Nelson Freire era, como o define a France Musique, "um monstro sagrado do piano" e um dos grandes pianistas de sempre. Nascido em Boa Esperança, em 1944, começou a tocar aos três anos, por influência de uma irmã mais velha, e deu o primeiro recital aos cinco. A mudança da família para o Rio de Janeiro proporcionou-lhe a tutoria de grandes pianistas brasileiros como Nise Obino e Lúcia Branco. Aos 12 anos, ganha o Concurso Internacional do Rio de Janeiro - interpretando o Concerto Nº5, “Imperador”, de Beethoven - e aos 19 o Concurso Internacional Vianna de Motta, em Lisboa. Nessa idade, em que foi também distinguido com a Medalha Dinu Lipati, já estava a estudar em Viena e a fazer concertos em capitais europeias sob a direção de maestros como Isaac Karabtchevsky e Rudolf Kempe. Aos 24 anos, a estreia com a Orquestra Filarmónica de Nova Iorque consolidou a sua carreira internacional – não por acaso, após esse concerto, a revista “Time” o definiu como “um dos maiores pianistas desta e de qualquer geração”.

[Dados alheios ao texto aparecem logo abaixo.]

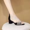 Zapatos de Mujer Nuevo Tacón Cubierto Puntera Descubierta Sandalias de Mujer Moda Banda Estrecha Vestido Sandalia Elegante Mujer Cremallera Trasera Tacones Gruesos Femenino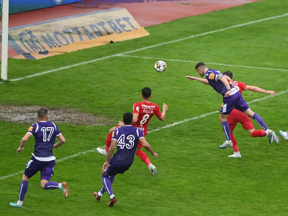 Grigore Ioan Turda marcheaza un gol in meciul de fotbal dintre FC Arges si Chindia Targoviste, contand pentru Play-out-ul Superligii Superbet, desfasurat pe Stadionul Nicolae Dobrin din Pitesti, luni 17 aprilie 2023. © FOTO:Razvan Pasarica/SPORT PICTURES

Ao longo da vida, preferiu as apresentações ao vivo aos estúdios de gravação. Mesmo assim, registou Chopin como ninguém e Johannes Brahms (a sua leitura dos dois Concertos para Piano ficará para a história), assim como Heitor Villa-Lobos, Liszt e Rachmaninov. Nos anos 80, foi dos poucos pianistas selecionados para integrar a coleção “Great Pianists of the Century”, editada pela Phillips. Em 2003, o realizador João Moreira Salles dedicou-lhe um documentário, e em 2015 foi retratado no livro “Nelson Freire: a pessoa e o artista”, de Ricardo Fiúza.

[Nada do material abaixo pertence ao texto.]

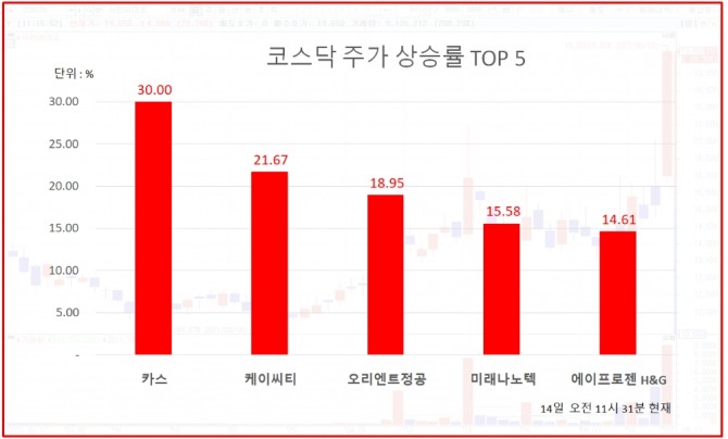14일 오전 11시 31분 현재 코스닥 상승률 상위 50개 종목은 다음과 같다.

Na entrevista dada ao Expresso, Nelson Freire escreveu a máquina, com muitas anotações a mão - documento que depois digitalizou para enviar. A dada altura, à pergunta sobre os aspetos mais importantes na interpretação, respondia: “Fidelidade do texto, honestidade de intenções, veracidade na emoção, criatividade, inspiração e....uma lua a favor!” Mais à frente, notava: “O que seria do ser humano se não houvesse arte? O artista não engana ninguém: seu ofício lhe exige severa disciplina, honestidade. E o público agradece oferecendo-lhe afeto e admiração.”